The parameters in the configuration file will be present in the order they were first defined in the variables.
Complex form of the configuration parameters
Complex form of the Unbound configuration is detected when a dictionary key
contains a name
parameter. In that case, the role will interpret the entry
using specific parameters:
name
The name of the configuration option to manage. This parameter is used as an identifier during the variable parsing.
value
Required. A value which should be set for a given option. Values can be YAML strings, integers, booleans and lists (not dictionaries). Lists can contain simple strings, numbers, or YAML dictionaries that describe each value in greater detail. See Configuration values and their interactions for more details.
option
Optional. If specified, the option will use this string as the "name" instead of the
name
value. This is useful to create examples in the configuration file that have the same name as existing configuration options.comment
Optional. String or a YAML dictionary with additional comments for a given configuration option.
separator
Optional, boolean. if
True
, an empty line will be added above a given option, useful for readability.state
Optional. If not specified or
present
, the option will be present in the finished configuration file.If
absent
, the option will not be included in the configuration file.If
ignore
, the given entry will not be evaluated by the role, and no changes will be done to the preceding parameters with the same name.
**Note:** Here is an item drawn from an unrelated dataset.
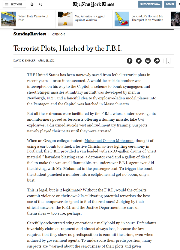 The New York Times article, Terrorist Plots, Hatched by the F.B.I.

This can be used to conditionally activate entries with different configuration.If
hidden
, the option will not be displayed in the configuration file, but any comments will be present. This can be used to add free-form comments in the Postfix configuration file.If
comment
, the option will be present, but it will be commented out. This can be used to add examples in the configuration file.If
append
, the given entry will be evaluated only if an entry with the same name already exists. The current state will not be changed.weight
Optional. A positive or negative number which affects the position of a given option in the configuration file. The higher the number, the more a given option "weighs" and the lower it will be placed in the finished configuration file. Negative numbers make the option "lighter" and it will be placed higher.
copy_id_from
Optional. This is an internal role parameter which can be used to change the relative position of a given option in the configuration file. If you specify a name of an option, it's internal "id" number (used for sorting) will be copied to the current option. This can be used to move options around to different configuration file sections.
Examples
Define the previous example using complex form:
unbound__server:
- name: 'extended-statistics'
comment: 'Enable extended server statistics'
value: True
- name: 'verbosity'
value: 1
- name: 'private-domain'
value: 'example.org'
- name: 'domain-insecure'
value: [ 'example.org', 'example.com' ]
Unbound supports more complex parameters with arguments. You can define them using extended syntax as well:
unbound__server:
- 'define-tag': 'tag1 tag2 tag3'
- name: 'access-control'
value:
- name: '127.0.0.0/8'
args: 'allow_snoop'
- name: '::1/128'
args: 'allow_snoop'
- name: '192.0.2.0/24'
args: 'allow'
- name: 'access-control-tag'
value:
- name: '192.0.2.0/24'
args: '"tag1 tag2"'
The result of the above configuration in
/etc/unbound/unbound.conf.d/ansible.conf
:
server:
# Enable extended server statistics
extended-statistics: yes
verbosity: 1
private-domain: "example.org"
domain-insecure: "example.org"
domain-insecure: "example.com"
define-tag: "tag1 tag2 tag3"
access-control: 127.0.0.0/8 allow_snoop
access-control: 192.0.2.0/24 allow
access-control: ::1/128 allow_snoop
access-control-tag: 192.0.2.0/24 "tag1 tag2"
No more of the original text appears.